Сначала муж согласился со мной. А где-то год назад начал заикаться о ребёнке. Мол, может, еще попробуем? А я даже слышать не хочу.

— Сегодня ты чайлдфри, а завтра ты в декрет, и мне надо кого-то искать на твоё место, — безэмоционально продолжает.

— Послушай, если ты хочешь меня уволить, то просто так и скажи, а не ищи какие-то надуманные предлоги! — рявкаю от злости и перехожу с ним на «ты». — Давай откровенно, Паш. Да, я поступила тогда с тобой, как последняя сволочь. Я это не отрицаю и не собираюсь никак себя оправдывать. Я очень плохо с тобой поступила. Я перед тобой виновата. Хочешь мне за это отомстить? Окей, я прямо сейчас напишу заявление по собственному.

Выпаливаю гневную тираду и перевожу дыхание. Паша сначала слушал, опешив, а сейчас откинулся на спинку мягкого кресла и глядит на меня снисходительно, как на дурочку.

— Я правда не хотел поднимать тему нашего прошлого, Арина, — усмехается. — Но раз ты сама начала, то скажу. Никаких обид на тебя у меня нет. Наоборот, я безмерно благодарен за то, что ты избавила меня от удавки под названием «жена». Не знаю, чем я думал, когда решил жениться в двадцать два года. Наверное, спутал спермотоксикоз с любовью.

Возникает пауза, в течение которой Паша продолжает глядеть на меня со снисходительной улыбкой, а я пытаюсь осмыслить его слова. Они прилетели мне обухом по голове и припечатали к асфальту.

— Ну что же, — одариваю его такой же улыбочкой. — Я рада, что смогла сделать тебя счастливым. Если не в качестве жены, то в качестве бывшей девушки. Можно я пойду писать заявление?

Не имею ни малейшего желания оставаться в его обществе еще хоть одну секунду.

— Я разве сказал, что увольняю тебя?

— Я догадалась.

— Я не увольняю тебя, я лишь озвучиваю риски, которые вижу.

— Чтобы риски не реализовались, я должна уволиться.

— Не должна. Я просто хочу понимать, могу ли рассчитывать на долгосрочную работу с тобой или мне начинать подыскивать тебе замену. Вот и все.

Набираю в грудь побольше воздуха и медленно выдыхаю.

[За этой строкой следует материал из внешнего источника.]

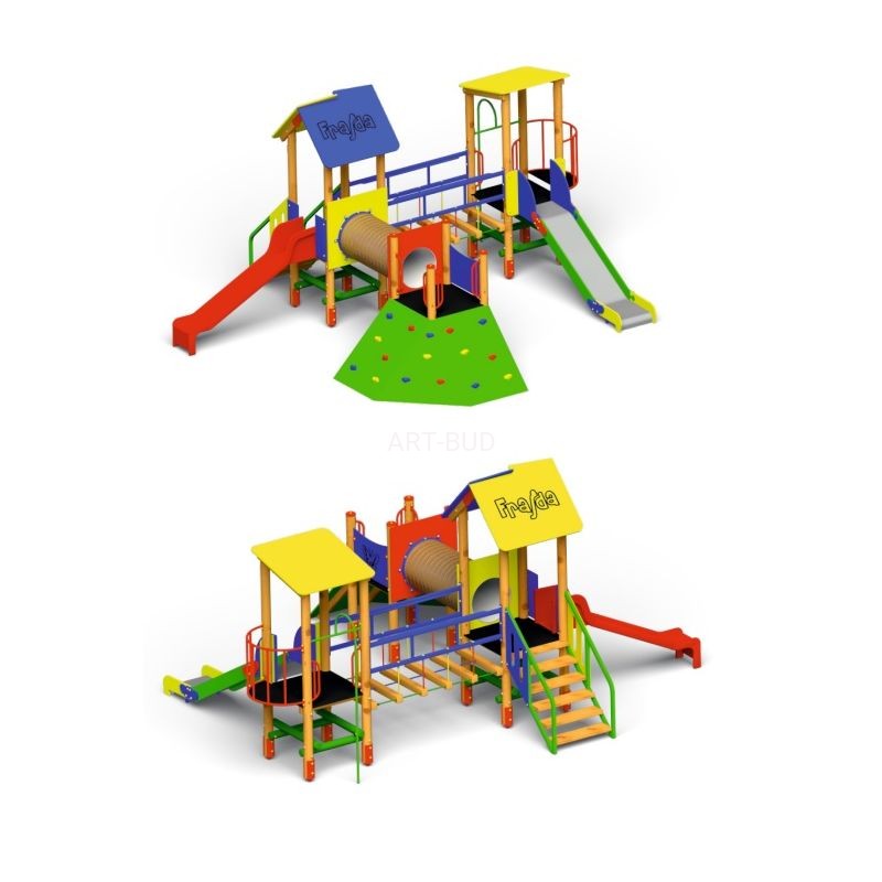 Efektowny zestaw zabawowy na plac zabaw, składający się z drabinki, wieży i zjeżdżalni. Elementy nośne zestawu wykonane z drewna sosnowego, toczonego cylindrycznie bezrdzeniowego. W opcji także z drewna klejonego wzdłużnie lub metalu zabezpieczonego antykorozyjnie i malowanego proszkowo. Drewno jest impregnowane co zabezpiecza je przed wpływem szkodliwych warunków atmosferycznych. Ślizgawki wykonane z laminatu i metalu spełniają wymogi normy PN-EN 1176:2017-12. Dachy, bariery ochronne wykonane ze sklejki drewna liściastego, wodoodpornej, pokrytej filmem melaminowym lub z płyty HDPE odpornej na warunki atmosferyczne. Trapy wykonane ze sklejki drewna liściastego, wodoodpornej, antypoślizgowej, lub z płyty HDPE antypoślizgowej. Elementy mocowań wykonane ze stali węglowej konstrukcyjnej są malowane proszkowo lub ocynkowane. Wszystkie połączenia śrubowe wykonane z użyciem elementów ocynkowanych, a ich końce zabezpieczone plastikowymi kapslami, poprawiającymi bezpieczeństwo.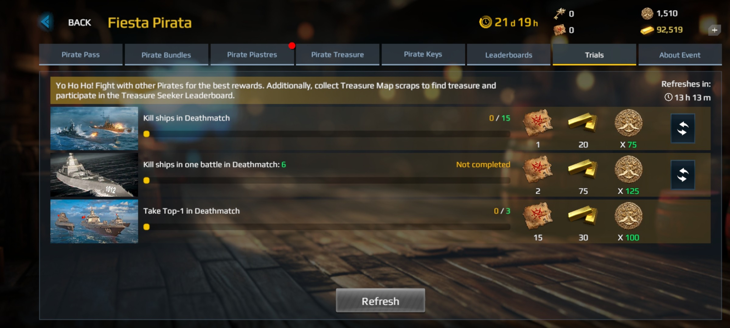 1、通过完成活动试炼来与其他海盗竞争。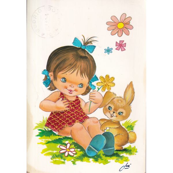 DZIEWCZYNKA KRÓLIK POCZTÓWKA Z HAFTEM A77239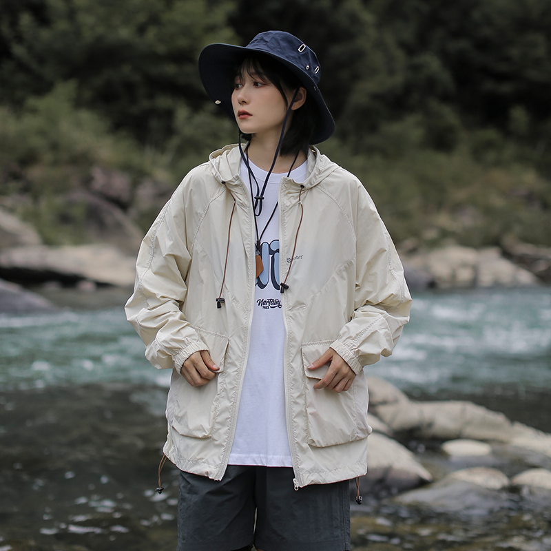 漫渡美式衝鋒衣外套女夏日系cityboy工裝夾克潮牌多口袋防曬衣女
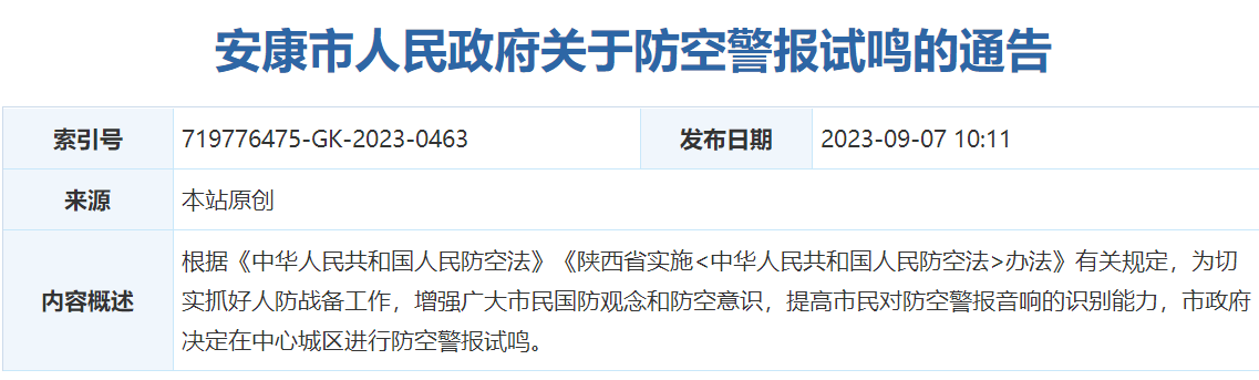 安康市人民政府關(guān)于防空警報(bào)試鳴的通告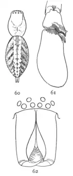 ![]() 60, espalda de hembra ampliada cuatro veces para mostrar marcas. 61, palpos de macho. 62, frente a la cabeza y mandíbulas de macho. | ||

— Вы можете рассчитывать на долгосрочную работу со мной, Павел Александрович. Мы с моим супругом не планируем рожать детей. Ни сейчас, ни через год, ни через десять лет. Обращаю ваше внимание, Павел Александрович, на тот факт, что я замужем уже семь лет. Если бы мы с моим супругом хотели ребенка, то он у нас бы уже был, — последняя фраза, конечно же, ложь.

Снова возникает пауза. Паша неотрывно глядит на меня. Уже без мерзкой улыбочки, а серьезно. У меня ощущение, что он хочет забраться ко мне в голову и прочитать мысли.

— Ты не ответила, почему ушла в академ, — вдруг меняет тему.

— Ответила: по состоянию здоровья.

— Можно конкретнее? — допытывается.

— Спрашиваете, чтобы понимать, искать ли мне замену, на случай если я неизлечимо больна и умру?

Это все, что его беспокоит? Почему у меня нет детей и почему я ушла в академ отпуск на год?

— Не так цинично, но хотелось бы знать, если ты действительно чем-то серьезно болеешь. Академ отпуск просто так не берут. Тем более я помню, что ты тогда никакой академ не планировала. Так что же произошло?

— Ничего из того, что сейчас бы мешало мне работать.

Выдерживаю его взгляд и даю понять, что не отвечу на вопрос. Паша возвращается к моему личному делу. Молча его листает, задерживается на каких-то страницах, но вопросов больше не задаёт. Там, кстати, и информация про Рому есть. При трудоустройстве нужно было рассказать про всех ближайших родственников: где учились, чем занимаются и так далее.

Я же, пользуясь случаем, рассматриваю Павла с нескрываемым любопытством. В голове крутятся его слова: «Я безмерно тебе благодарен за то, что избавила меня от удавки под названием «жена». Не знаю, чем я думал, когда решил жениться в двадцать два года. Наверное, спутал спермотоксикоз с любовью».

Почему-то сказанное Пашей задевает меня за живое. Мне неприятно. Даже немного больно. То есть, я была бы для него удавкой?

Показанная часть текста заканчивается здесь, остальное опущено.